Rowland S. Howard (1959 - 2009)
The iconic Australian guitarist Rowland
S. Howard passed away on 30 December, losing a fight with
liver cancer whilst awaiting a transplant operation. Described by
Nick
Cave, Howard's partner in crime in The Boys
Next Door and The Birthday Party, as 'Australia's
most unique, gifted and uncompromising guitarist', Howard's precision
playing was part of the incendiary mix of punk aggression and bluesy
bleakness that coloured The Birthday Party's sound, and made their
music so important to so many people.
Howard's contribution to The Boys Next Door and
their sudden transformation into The Birthday Party is often viewed
as somehow smaller than Cave's position as de facto front man, but
in fact without Howard's early contribution to The Boys Next Door
would have never even got off the ground. The band, consisting of
Cave, guitarist and multi-instrumentalist Mick Harvey,
bassist Tracey Pew and drummer Phil Calvert
– school friends from Victoria – lacked one defining ingredient:
songs. When Howard joined the band he brought with him ready-made
songs, including the thoroughly miserable anthem 'Shivers', which
would turn out to be the band's strongest track on their hastily-recorded
album Door, Door. There are few songs whose opening lyrics
can grab you quite so effectively as on 'Shivers': 'I've been
contemplating suicide / But it really doesn't suit my style.'
Door, Door was originally released in
1979 by Australia's Mushroom Records imprint and can be broadly
dumped into the 'punk' category, if only because of its uncompromising
attitude, but its aspirations were clearly more broad. Door, Door
is an album that can be divided neatly in half – the first side
of the original LP is mostly a collection of urgent punk-pleasing
rock tracks drawing together the jangly punk guitars of Buzzcocks
with early Roxy Music saxophones and the post-glam sound of the
New York Dolls, while the second side contains slower, more emotional
numbers (including 'Shivers', which closes out the LP).

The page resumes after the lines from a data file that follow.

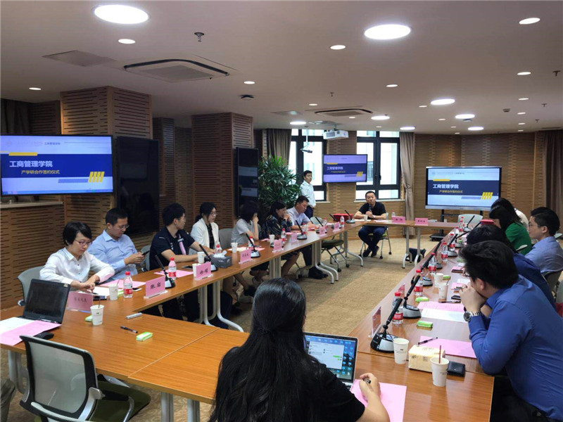 李俊杰向来宾介绍了我校产学研合作现状与政策,邓娜、王凤分别介绍了学校和学院的相关情况,泰隆银行上海分行徐耀行长代表企业致辞。李原副院长代表学院与八家企业代表签署了《产学研战略合作框架协议》。签约仪式后,校企双方围绕如何深入开展校企合作,推进产学研融合进行了广泛细致的研讨。
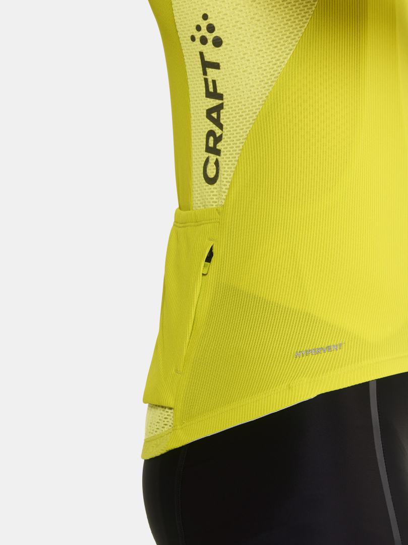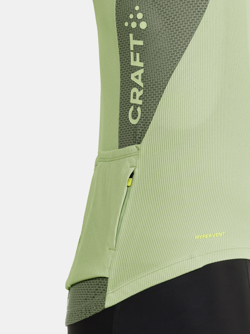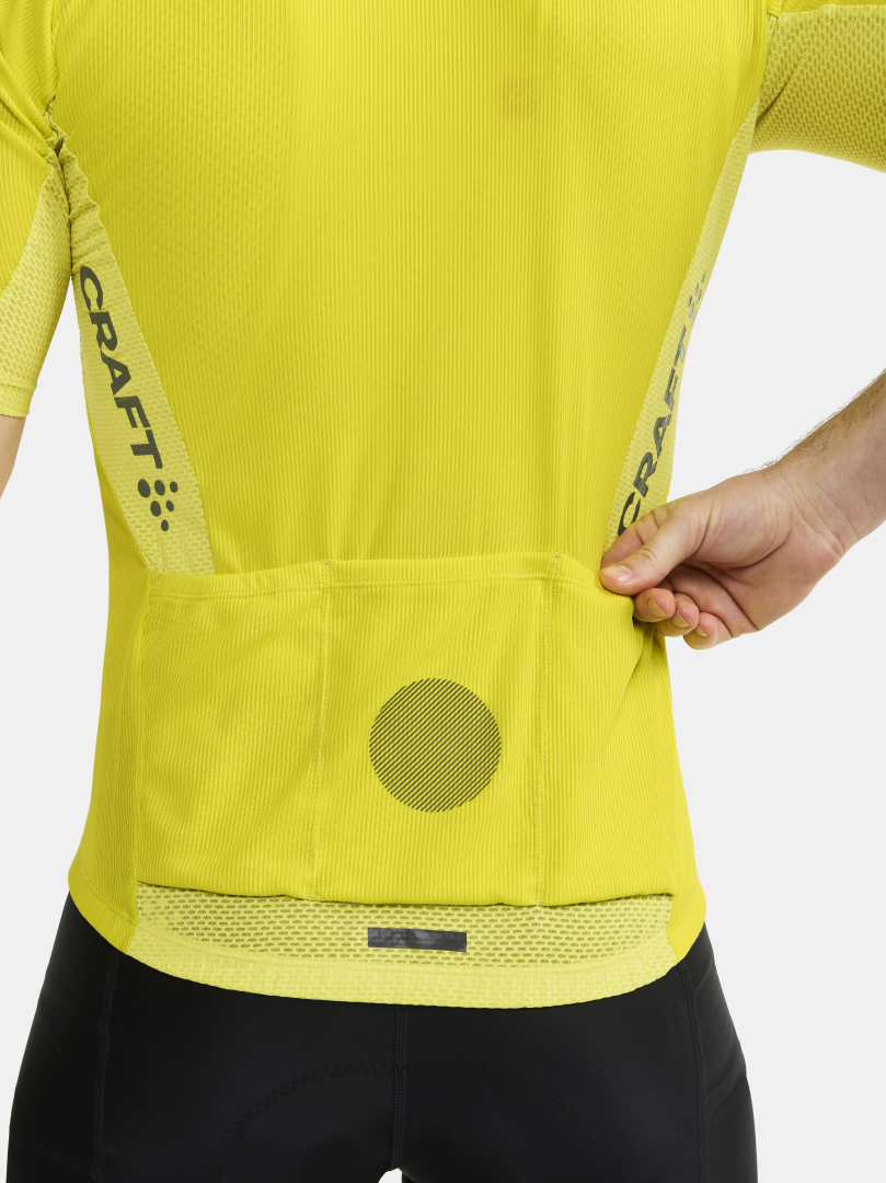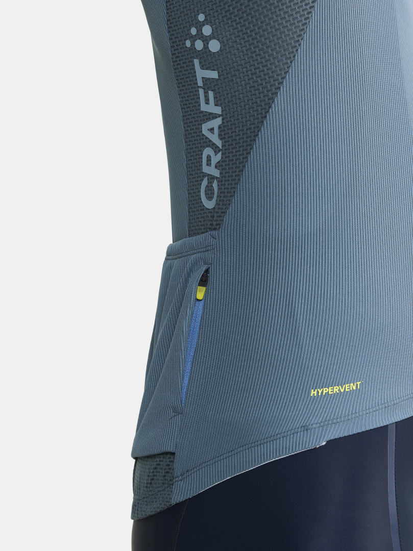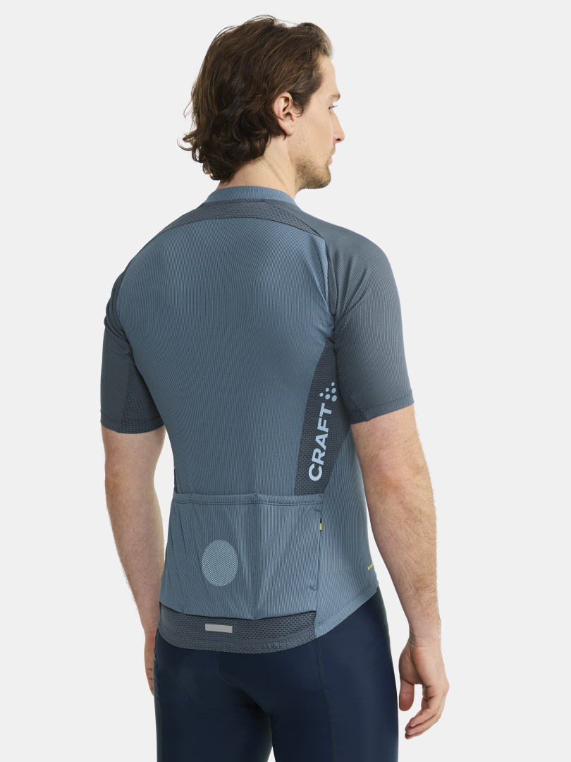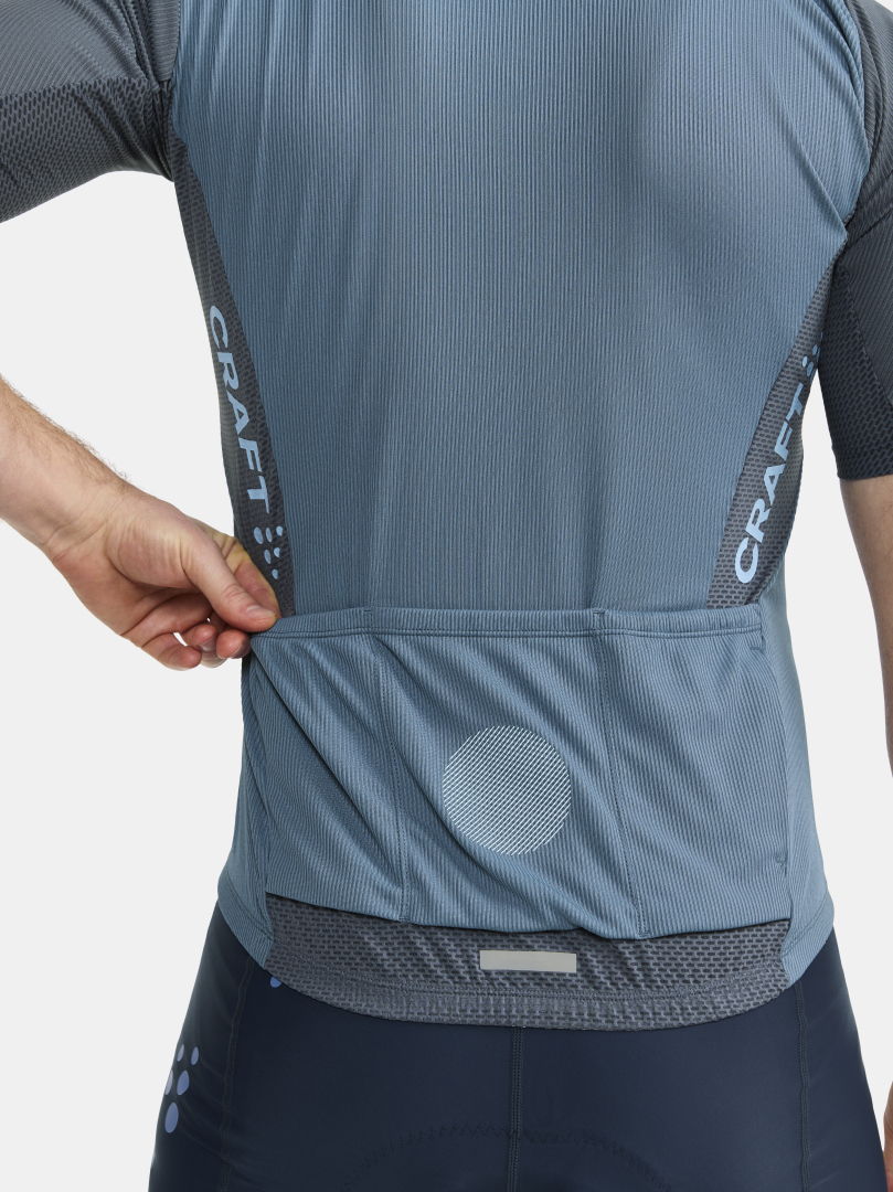 Pánský technicky pečlivě propracovaný cyklistický dres CRAFT ADV Endur s rib strukturou. Materiál: 100% recyklovaný polyester; boky: 87% recyklovaný polyester, 13% elastan - výborný odvod potu, rychleschnoucí, chladivý efekt - ergonomický střih - meshové panely na bocích, z vnitřní strany rukávů, za krkem a v zadní části dresu - zip podložený légou - speciální tvarování límce v oblasti zátylku pro vyšší komfort při jízdě - ve spodní části vzadu stažení do gumy se silikonovým potiskem z vnitřní strany - v zadní části trojdílná kapsa plus kapsička na zip
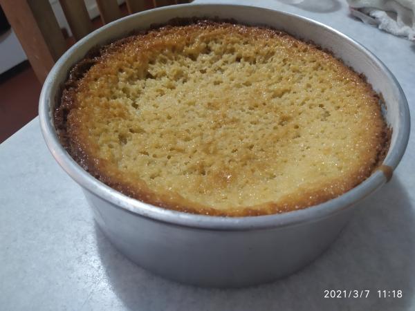 Quando o bolo estiver assado, retire e deixe esfriar. Depois corte ao meio, coloque o creme numa das metades do bolo e tampe com a outra.
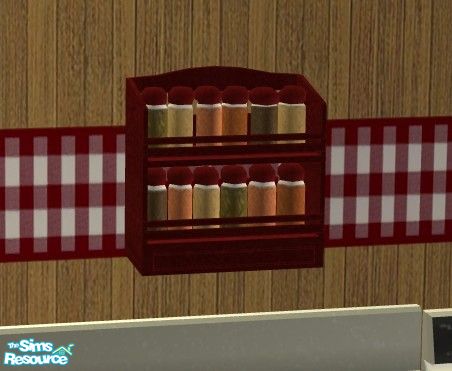 Sims 2 — Harvest Kitchen - Spice Rack by Riverwillows — A nice cozy kitchen, done in harvest reds, cream, and checks. You
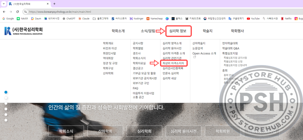 상단 메뉴란에 심리학 정보에 마우스 커서를 놓으면, 하단 메뉴중에 최상위 자격소지자라는 메뉴가 나옵니다. 해당 메뉴를 클릭합니다.
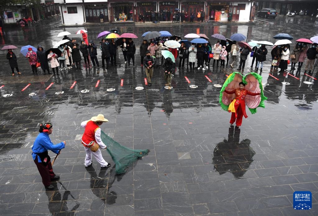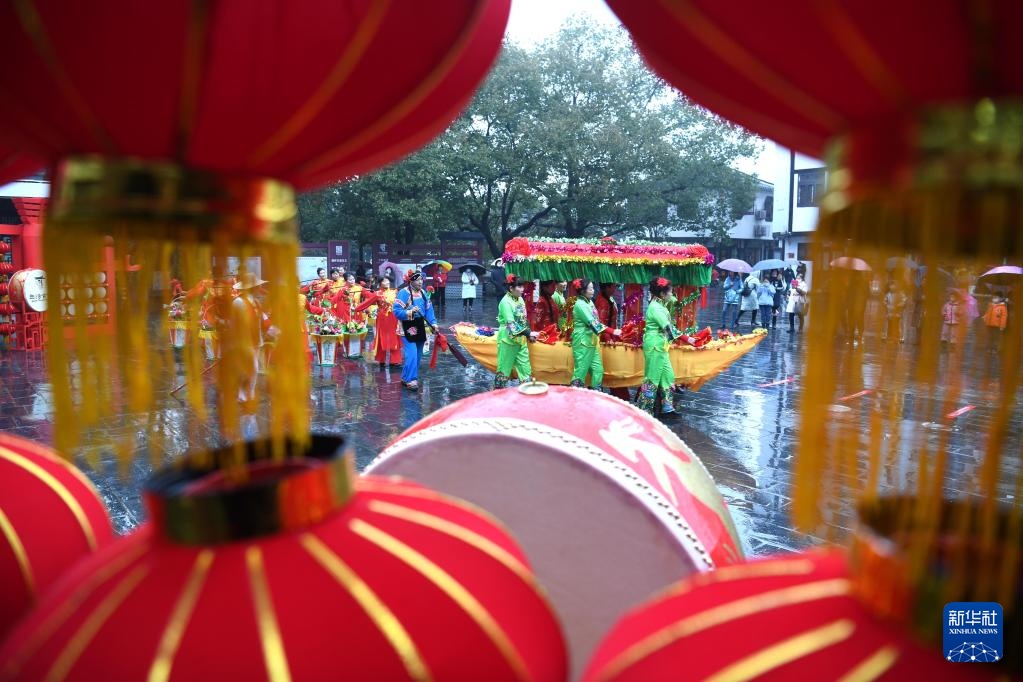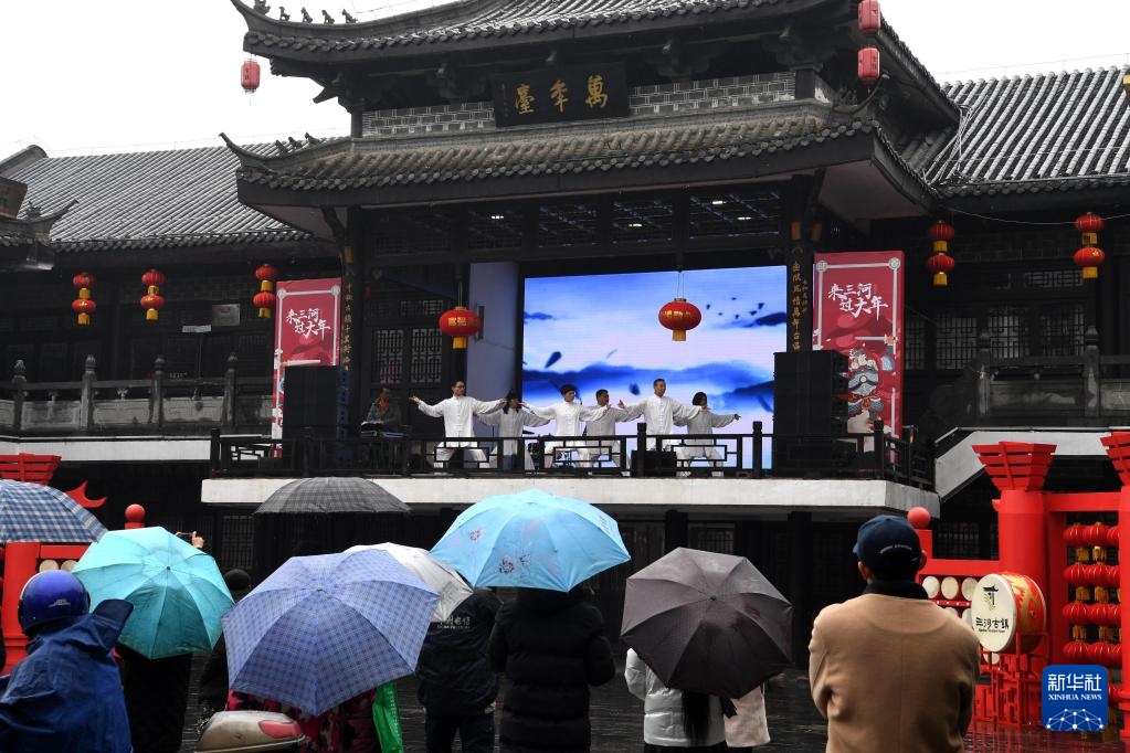 當(dāng)日,安徽省合肥市肥西縣三河古鎮(zhèn)舉辦“民俗表演迎新春”文化活動(dòng),民間文藝團(tuán)體表演河蚌舞、大鼓、鬧花船等民俗節(jié)目,喜迎新春佳節(jié)。
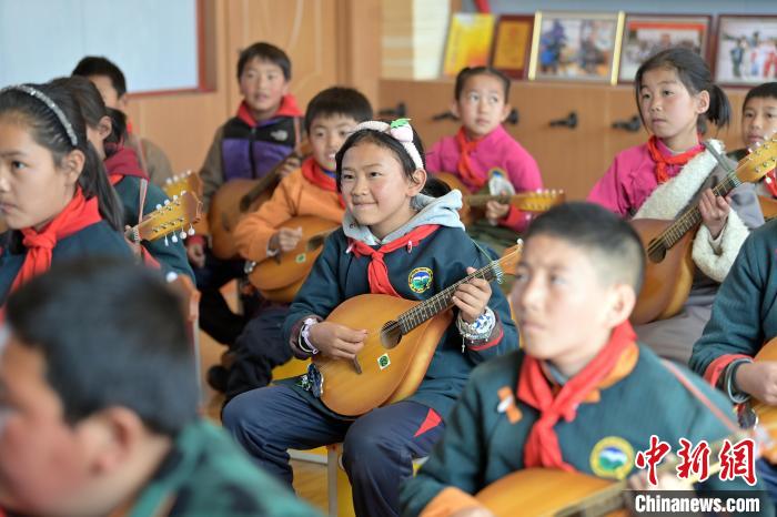 中新社記者近日探訪瑪曲縣寄宿制藏族小學(xué)彈唱社團活動,未進教室,已聽到室內(nèi)傳出的歡快琴聲和笑聲。
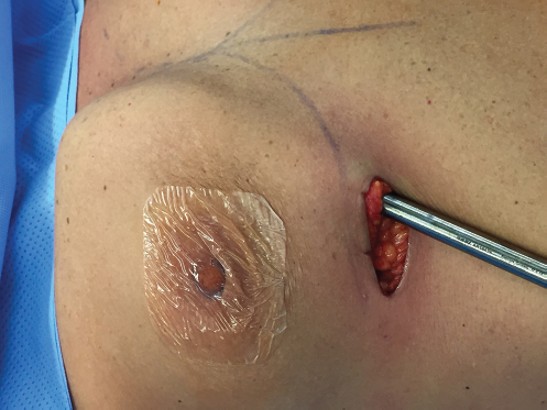 The patient is placed on the operating table in the supine with careful Paddington or pressure points. The arms are abducted on arm boards with soft padding to prevent nerve compression. The arms should not be abducted greater than 90 degrees. The nipple is covered with an occlusive dressing such as Tegaderm or Opsite (▶Fig. 16.2b).
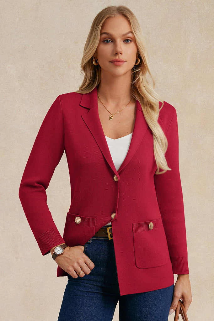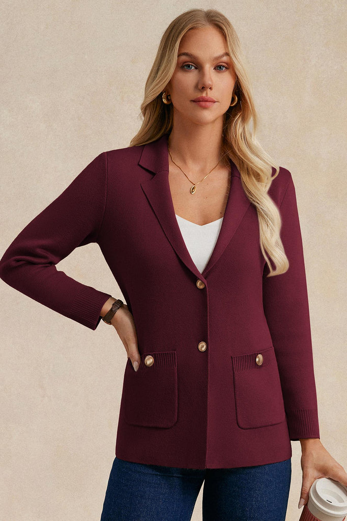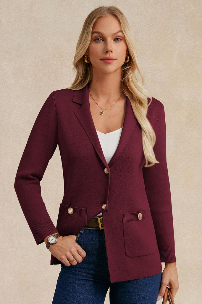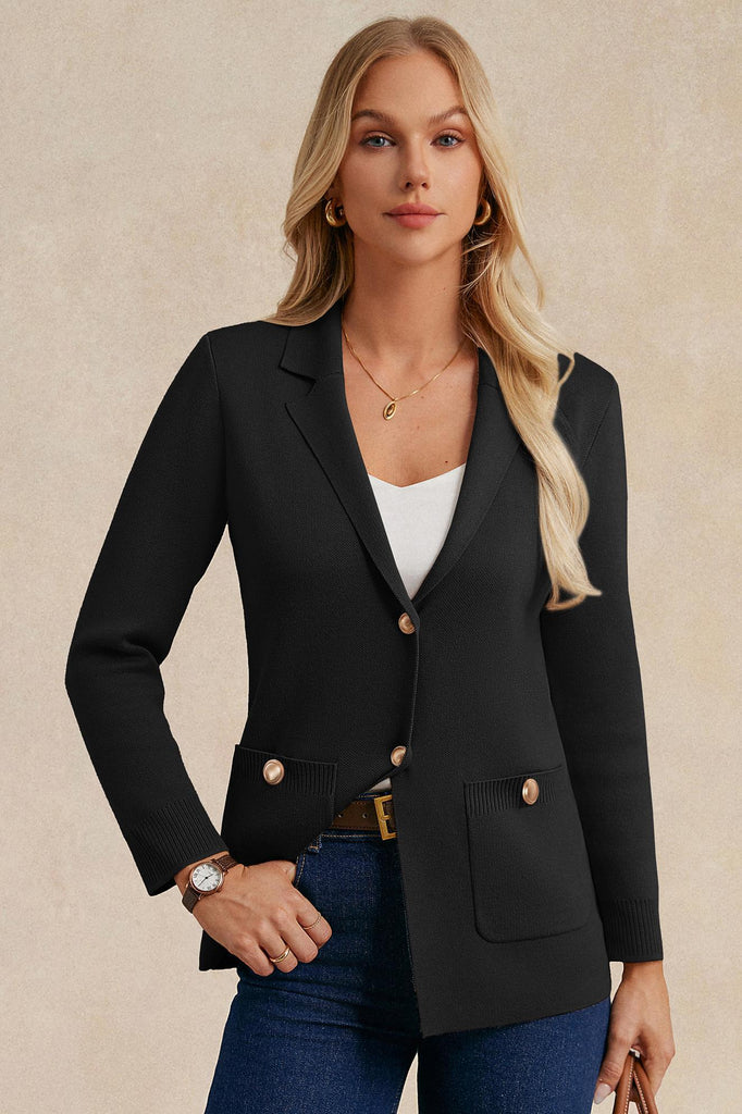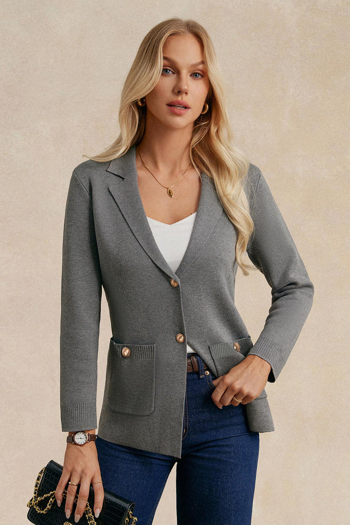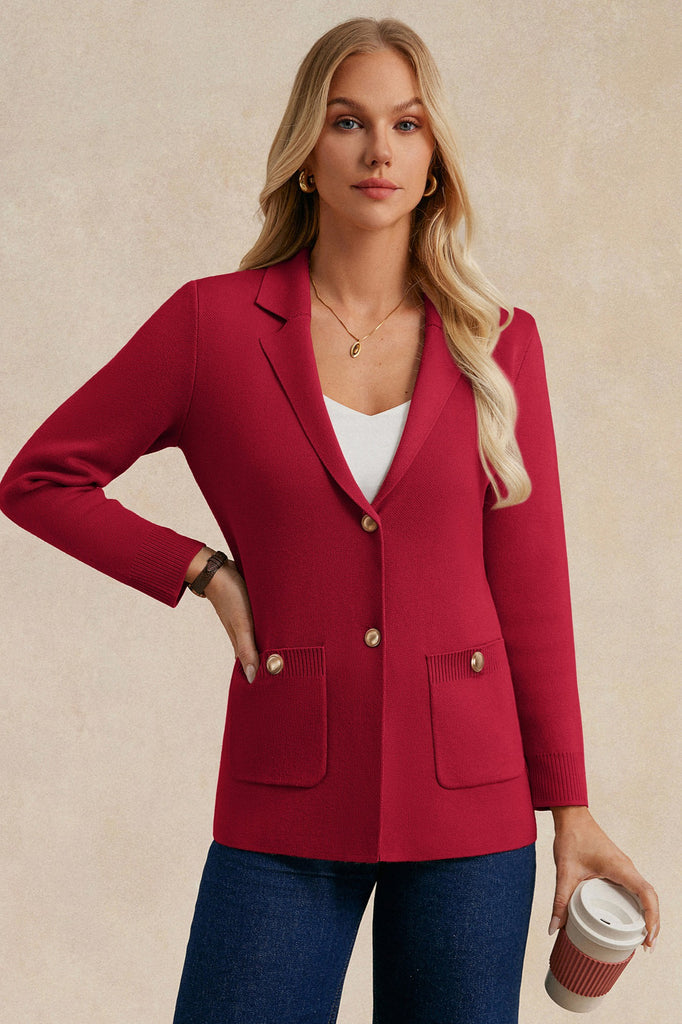 GK Women Notch Lapel Cardigan Long Sleeve Two-Button Straight Sweater

The mutation of The Boys Next Door into The Birthday
Party brought with it a greater emphasis on experimentation, finding
Howard developing new techniques of guitar playing amidst a backdrop
of spiralling drug use among several members of the band. The controlled
feedback howl that opens the early track 'The Friend Catcher' is
one of the most thrilling things I have ever heard, conjured up
using what Howard called 'infinite guitar', a technique for looping
and applying heavy reverb to his guitar playing. The sound The Birthday
Party produced was singularly influential, finding fans among punks
and goths alike, aided and abetted by their gargantuan excesses
and Cave's confrontational stage persona. At the heart of this was
not a bunch of egos, but musical dexterity and skill – Pew's low-slung
basslines, Harvey's precision (especially when he replaced the ousted
Calvert on drums), Cave's hellish lyrical imagination and finally,
the consistent guitar inventiveness of Rowland S. Howard.
Howard would go on to work, often with Mick Harvey,
in other bands such as Crime And The City Solution
and These Immortal Souls and collaborate with other
influential artists emerging from the punk scenes (such as Lydia
Lunch), applying his signature guitar style wherever he
went. Howard was promoting Pop Crimes, his second solo
album, when he passed away.
Of his battle with liver cancer he told Rolling
Stone that 'being told that you've only got a couple of years
to live without a transplant is a pretty frightening experience
and certainly changes the way you feel about your life.' It seems
appropriate that the album includes a cover of Talk Talk's seminal
'Life's What You Make It', as good an epitaph as you could imagine.